Some possible enumerated values to use, depending on your needs:
Active
Deleted
Suspended
InUse (Sort of a pseudo-locking mechanism)
Set the column up as an tinyint (that's SQL Server...not sure of the MySQL equivalent). You can also setup a matching lookup table with the key/value pairs and a foreign key constraint between the tables if you wish.
I've always used the ValidFrom, ValidTo approach where each table has these two additional fields. If ValidTo Is Null or > Now() then you know you have a valid record. In this way you can also add data to the table before it's live.
There are some fields that my tables usually have: creation_date, last_modification, last_modifier (fk to user), is_active (boolean or number, depending on the database).
Look at the "Slowly Changing Dimension" SCD algorithms. There are several choices from the Data Warehousing world that apply here.
None is "best" -- each responds to different requirements.
Here's a tidy summary.
Type 1: The new record replaces the original record. No trace of the old record exists.
Type 4 is a variation on this moves the history to another table.
Type 2: A new record is added into the customer dimension table. To distinguish, a "valid date range" pair of columns in required. It helps to have a "this record is current" flag.

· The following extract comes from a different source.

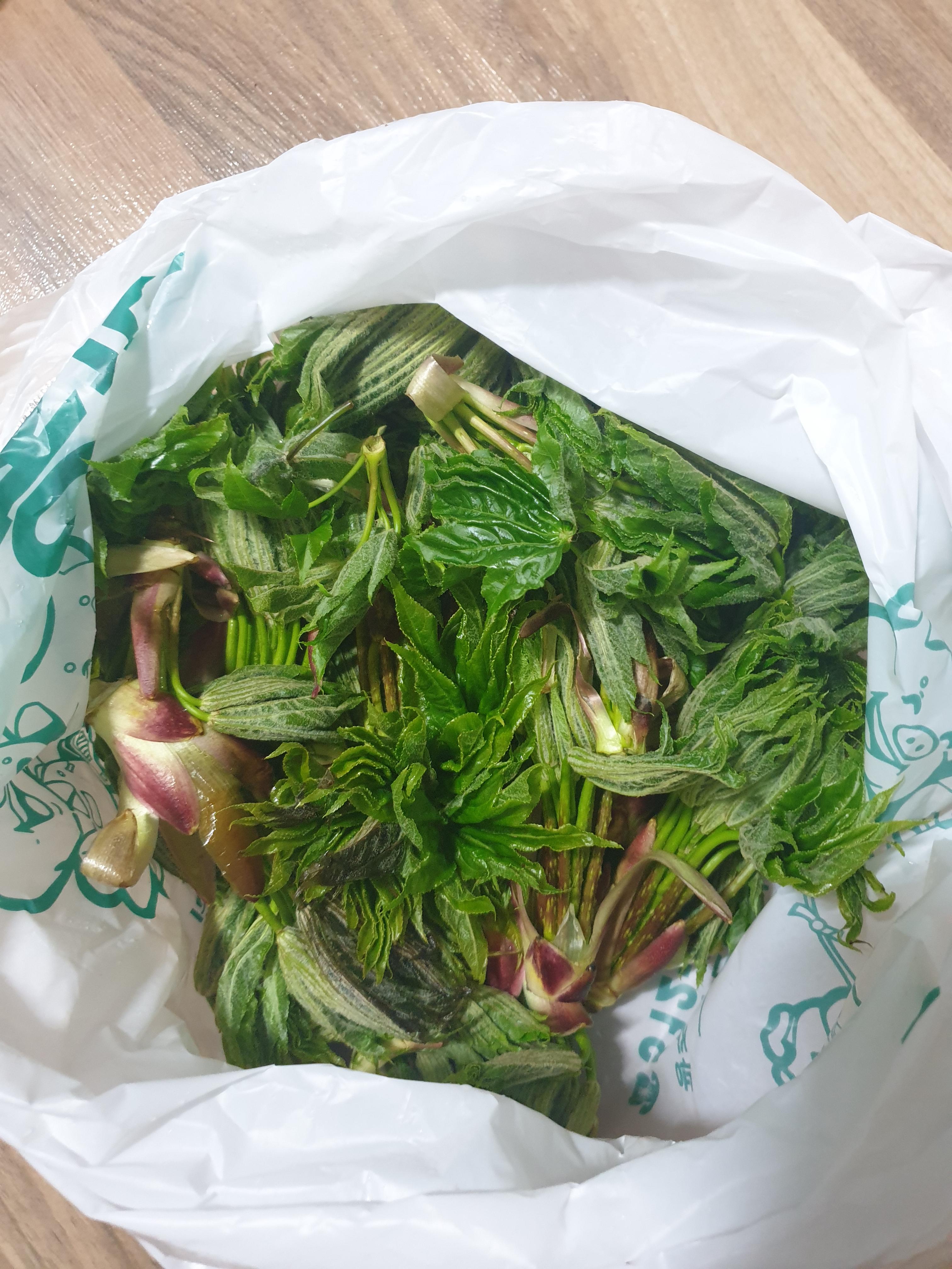 엉아가 접때 김천산 엄마표 두릅이랑 엄순은 다 묵고 짱아치 담굴끼 없다 징징댔더니

Type 3: The original record is modified to reflect the change.
In this case, there are columns for one or more previous values of the columns likely to change. This has an obvious limitation because it's bound to a specific number of columns. However, it is often used on conjunction with other types.
You can read more about this if you search for "Slowly Changing Dimension".
http://en.wikipedia.org/wiki/Slowly_Changing_Dimension
A very nice approach by Oracle to this problem is partitions. I don't think MySQL have something similar though.